3. What does it mean when the p-values are high and low?

A p-value is the measure of the probability of having results equal to or more than the results achieved under a specific hypothesis assuming that the null hypothesis is correct. This represents the probability that the observed difference occurred randomly by chance.

  • Low p-value which means values ≤ 0.05 means that the null hypothesis can be rejected and the data is unlikely with true null.
  • High p-value, i.e values ≥ 0.05 indicates the strength in favor of the null hypothesis. It means that the data is like with true null.
  • p-value = 0.05 means that the hypothesis can go either way.

4. When is resampling done?

Resampling is a methodology used to sample data for improving accuracy and quantify the uncertainty of population parameters. It is done to ensure the model is good enough by training the model on different patterns of a dataset to ensure variations are handled. It is also done in the cases where models need to be validated using random subsets or when substituting labels on data points while performing tests.

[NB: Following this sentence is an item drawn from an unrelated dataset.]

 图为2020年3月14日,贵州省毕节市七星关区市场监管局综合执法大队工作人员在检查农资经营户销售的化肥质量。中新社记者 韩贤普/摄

5. What do you understand by Imbalanced Data?

Data is said to be highly imbalanced if it is distributed unequally across different categories. These datasets result in an error in model performance and result in inaccuracy.

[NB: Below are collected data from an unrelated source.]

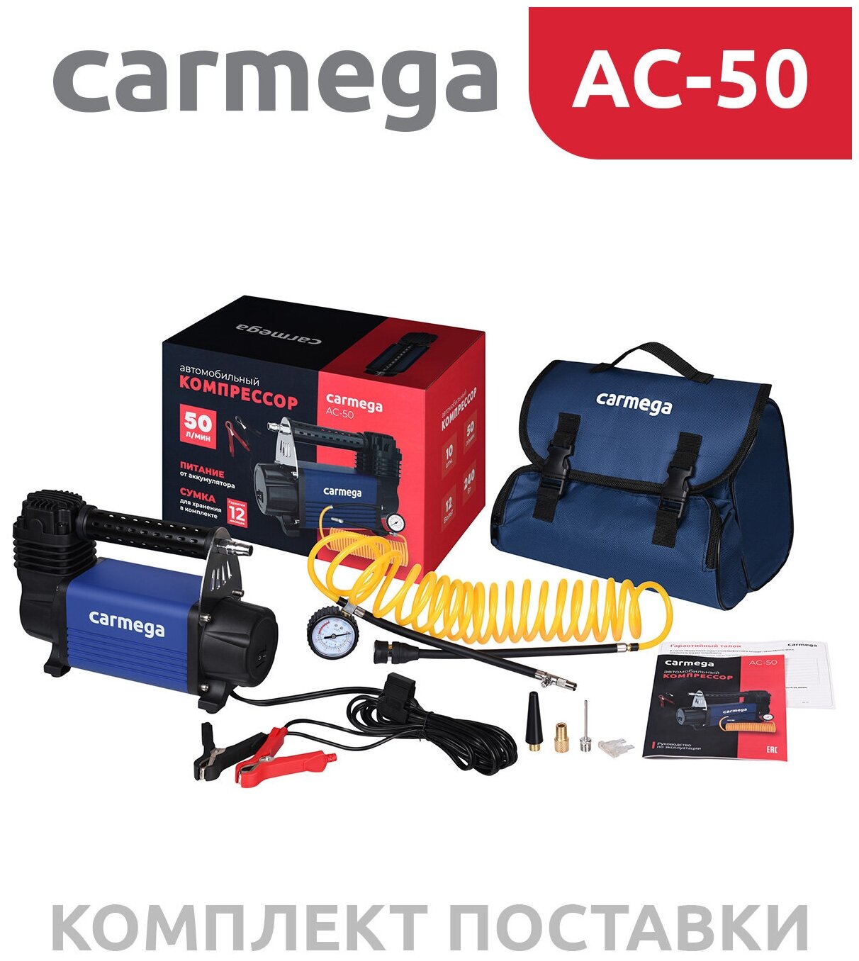 Компрессор автомобильный CARMEGA AC-50 с крокодилами металлический, 50 л/мин с сумкой и съемным шлангом
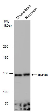 | Immunogen: | Recombinant protein encompassing a sequence within the C-terminus region of mouse USP48. The exact sequence is proprietary. |
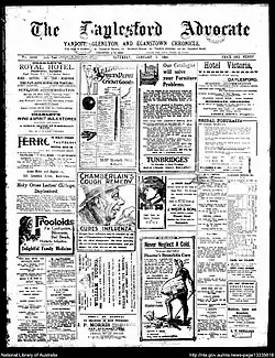 1. ^ "AustLit". The Daylesford Advocate and Hepburn, Glenlyon, and Blanket Flat Chronicle. AustLit. Retrieved 12 February 2015.
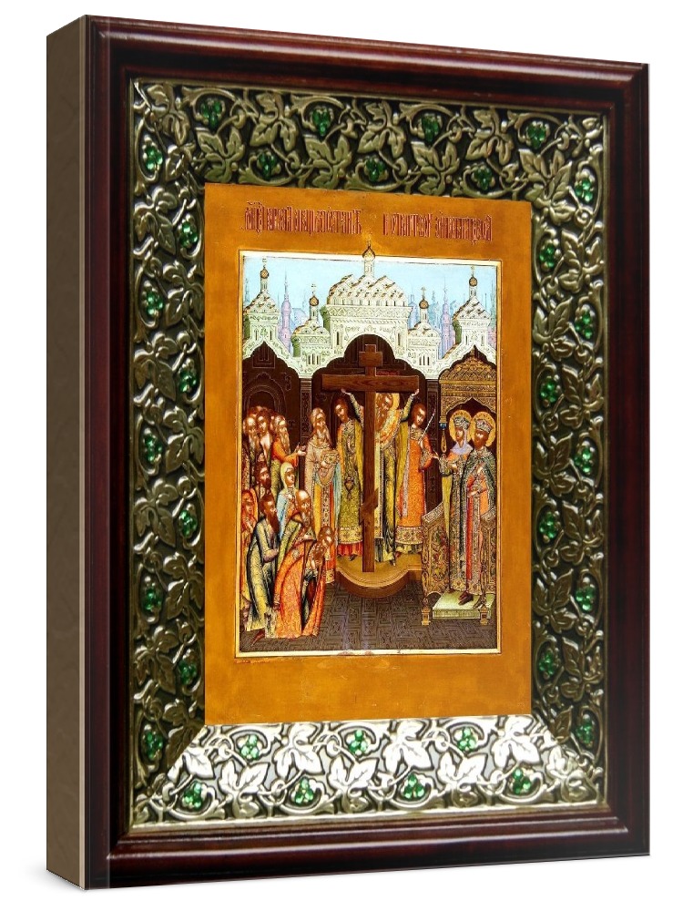 Икона воздвижение креста господня (21х24), киот со стразами. Лик нанесен методом шелкографии на цельную липовую доску, покрытую левкасом (специальным грунтом под живопись). Использованы минеральные (природные) краски. Размер иконы без киота (см): 13х16, с киотом: 21х24. Киот со стеклом, выполнен из березы и украшен басмой со стразами (узор из черненой меди в виде лозы). Икона освящена.

6. Are there any differences between the expected value and mean value?

There are not many differences between these two, but it is to be noted that these are used in different contexts. The mean value generally refers to the probability distribution whereas the expected value is referred to in the contexts involving random variables.

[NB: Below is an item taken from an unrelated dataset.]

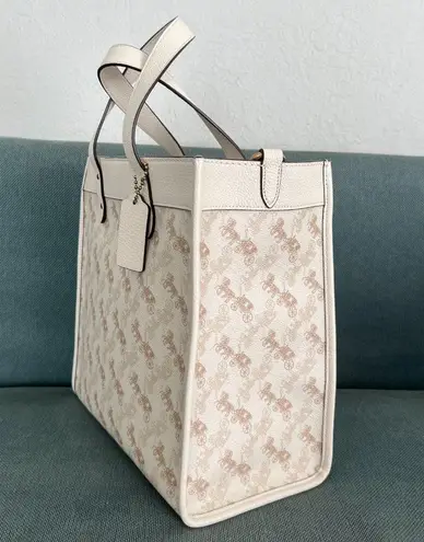 Printed coated canvas and polished pebble leather Snap closure, fabric lining Handles with 5 3/4" dr... Show more
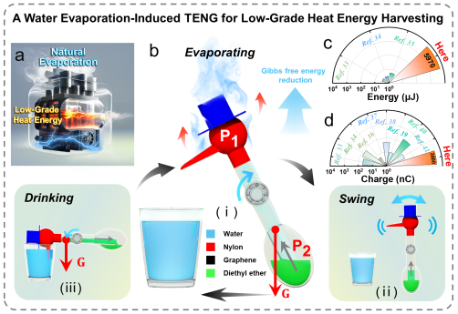 气候变化和环境污染带来的挑战日益严峻,减少传统能源使用,发展新兴能源技术成为全球共识。水在大气水循环中大量存在并不断循环,根据熵增原理,水在绝对零度以上皆具备蒸发的能力。水自然蒸发与外界存在热量交换,但如何高效利用自然蒸发过程中吸收的热能仍是一个难题。针对这一问题,太阳集团2007蓝色能源团队与北京纳米能源与系统研究所合作,提出了首个完全依靠自然蒸发驱动的摩擦纳米发电机。它通过传统的饮水鸟与摩擦纳米发电机结合,利用自然蒸发过程中产生的空间非均匀热源驱动的热机对外做功,可将环境中广泛分布的低品位热能有效地转化为电能。该水蒸发摩擦纳米发电机不仅具有出色的发电性能,还展示了其在自驱动抑制碳钢材料在氯化钠溶液中的自发腐蚀中的应用。这项技术可随时随地通过液体的自然蒸发发电,具有广泛的适应性和应用价值,为周围环境中的低品质热能收集提供了新的技术方案。研究成果以"Evaporation Triboelectric-Nanogenerator: Harvesting Low-Grade Heat Energy From Ambient Environment"为题于2023年12月在线发表于国际期刊《Advanced Materials Technologies》上。

7. What do you understand by Survivorship Bias?

This bias refers to the logical error while focusing on aspects that survived some process and overlooking those that did not work due to lack of prominence. This bias can lead to deriving wrong conclusions.

8. Define the terms KPI, lift, model fitting, robustness and DOE.

KPI: KPI stands for Key Performance Indicator that measures how well the business achieves its objectives.

  • Lift: This is a performance measure of the target model measured against a random choice model. Lift indicates how good the model is at prediction versus if there was no model.
  • Model fitting: This indicates how well the model under consideration fits given observations.
  • Robustness: This represents the system’s capability to handle differences and variances effectively.
  • DOE: stands for the design of experiments, which represents the task design aiming to describe and explain information variation under hypothesized conditions to reflect variables.

9. Define confounding variables.

Confounding variables are also known as confounders. These variables are a type of extraneous variables that influence both independent and dependent variables causing spurious association and mathematical relationships between those variables that are associated but are not casually related to each other.

10. Define and explain selection bias?

The selection bias occurs in the case when the researcher has to make a decision on which participant to study. The selection bias is associated with those researches when the participant selection is not random. The selection bias is also called the selection effect. The selection bias is caused by as a result of the method of sample collection.

Four types of selection bias are explained below:

  • Sampling Bias: As a result of a population that is not random at all, some members of a population have fewer chances of getting included than others, resulting in a biased sample. This causes a systematic error known as sampling bias.
  • Time interval: Trials may be stopped early if we reach any extreme value but if all variables are similar invariance, the variables with the highest variance have a higher chance of achieving the extreme value.
  • Data: It is when specific data is selected arbitrarily and the generally agreed criteria are not followed.
  • Attrition: Attrition in this context means the loss of the participants. It is the discounting of those subjects that did not complete the trial.